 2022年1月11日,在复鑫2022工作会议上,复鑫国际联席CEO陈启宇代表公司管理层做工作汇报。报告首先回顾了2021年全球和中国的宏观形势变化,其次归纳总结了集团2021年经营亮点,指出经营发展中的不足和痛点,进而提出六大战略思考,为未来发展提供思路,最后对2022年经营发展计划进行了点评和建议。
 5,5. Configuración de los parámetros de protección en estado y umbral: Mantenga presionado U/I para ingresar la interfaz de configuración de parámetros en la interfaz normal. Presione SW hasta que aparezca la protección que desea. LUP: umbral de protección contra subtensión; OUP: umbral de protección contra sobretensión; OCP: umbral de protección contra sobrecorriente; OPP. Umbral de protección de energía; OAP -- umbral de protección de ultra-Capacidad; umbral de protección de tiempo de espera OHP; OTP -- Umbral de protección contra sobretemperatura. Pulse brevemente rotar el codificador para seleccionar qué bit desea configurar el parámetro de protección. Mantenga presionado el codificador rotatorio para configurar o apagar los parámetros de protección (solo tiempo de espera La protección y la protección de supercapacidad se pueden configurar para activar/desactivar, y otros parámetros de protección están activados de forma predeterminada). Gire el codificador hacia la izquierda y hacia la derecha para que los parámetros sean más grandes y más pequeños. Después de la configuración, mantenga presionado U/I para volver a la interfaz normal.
--
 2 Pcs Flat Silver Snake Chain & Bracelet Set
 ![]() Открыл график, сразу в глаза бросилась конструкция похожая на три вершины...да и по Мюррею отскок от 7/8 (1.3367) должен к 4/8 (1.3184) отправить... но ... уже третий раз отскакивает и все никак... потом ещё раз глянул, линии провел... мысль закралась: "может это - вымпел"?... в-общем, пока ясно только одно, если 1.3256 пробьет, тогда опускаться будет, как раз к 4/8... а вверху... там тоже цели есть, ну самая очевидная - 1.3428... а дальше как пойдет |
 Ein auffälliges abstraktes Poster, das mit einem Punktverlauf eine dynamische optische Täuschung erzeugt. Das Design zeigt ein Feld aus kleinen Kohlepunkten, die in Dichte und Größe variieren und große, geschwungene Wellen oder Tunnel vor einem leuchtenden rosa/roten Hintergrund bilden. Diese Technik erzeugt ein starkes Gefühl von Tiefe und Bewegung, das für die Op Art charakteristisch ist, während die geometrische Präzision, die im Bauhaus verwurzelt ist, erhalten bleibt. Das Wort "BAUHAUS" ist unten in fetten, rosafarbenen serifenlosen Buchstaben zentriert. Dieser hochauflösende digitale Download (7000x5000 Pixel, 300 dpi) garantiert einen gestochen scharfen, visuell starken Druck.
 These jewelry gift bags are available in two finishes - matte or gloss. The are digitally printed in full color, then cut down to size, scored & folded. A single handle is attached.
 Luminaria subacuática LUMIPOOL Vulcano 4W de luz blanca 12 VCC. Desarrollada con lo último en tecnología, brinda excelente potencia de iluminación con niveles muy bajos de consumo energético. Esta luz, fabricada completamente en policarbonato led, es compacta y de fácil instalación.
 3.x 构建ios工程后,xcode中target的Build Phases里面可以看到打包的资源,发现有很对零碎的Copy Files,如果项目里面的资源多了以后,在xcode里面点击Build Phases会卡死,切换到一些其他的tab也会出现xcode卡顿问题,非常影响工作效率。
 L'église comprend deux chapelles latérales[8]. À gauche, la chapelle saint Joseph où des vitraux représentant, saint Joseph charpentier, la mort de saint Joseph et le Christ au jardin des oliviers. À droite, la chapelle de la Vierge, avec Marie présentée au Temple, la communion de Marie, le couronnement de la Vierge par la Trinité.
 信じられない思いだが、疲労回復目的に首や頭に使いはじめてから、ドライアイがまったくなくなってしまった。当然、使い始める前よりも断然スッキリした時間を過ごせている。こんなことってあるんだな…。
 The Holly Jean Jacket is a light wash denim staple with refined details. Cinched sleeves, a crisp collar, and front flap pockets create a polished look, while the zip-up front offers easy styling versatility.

*PROBLEM*: Please copy the lines in the records above between the one holding "2022年1月11日,在复鑫" and the one holding "5,5. Configuración de", inclusive, exactly and with no other line.

*RESULT OF THE TASK*:
 2022年1月11日,在复鑫2022工作会议上,复鑫国际联席CEO陈启宇代表公司管理层做工作汇报。报告首先回顾了2021年全球和中国的宏观形势变化,其次归纳总结了集团2021年经营亮点,指出经营发展中的不足和痛点,进而提出六大战略思考,为未来发展提供思路,最后对2022年经营发展计划进行了点评和建议。
 5,5. Configuración de los parámetros de protección en estado y umbral: Mantenga presionado U/I para ingresar la interfaz de configuración de parámetros en la interfaz normal. Presione SW hasta que aparezca la protección que desea. LUP: umbral de protección contra subtensión; OUP: umbral de protección contra sobretensión; OCP: umbral de protección contra sobrecorriente; OPP. Umbral de protección de energía; OAP -- umbral de protección de ultra-Capacidad; umbral de protección de tiempo de espera OHP; OTP -- Umbral de protección contra sobretemperatura. Pulse brevemente rotar el codificador para seleccionar qué bit desea configurar el parámetro de protección. Mantenga presionado el codificador rotatorio para configurar o apagar los parámetros de protección (solo tiempo de espera La protección y la protección de supercapacidad se pueden configurar para activar/desactivar, y otros parámetros de protección están activados de forma predeterminada). Gire el codificador hacia la izquierda y hacia la derecha para que los parámetros sean más grandes y más pequeños. Después de la configuración, mantenga presionado U/I para volver a la interfaz normal.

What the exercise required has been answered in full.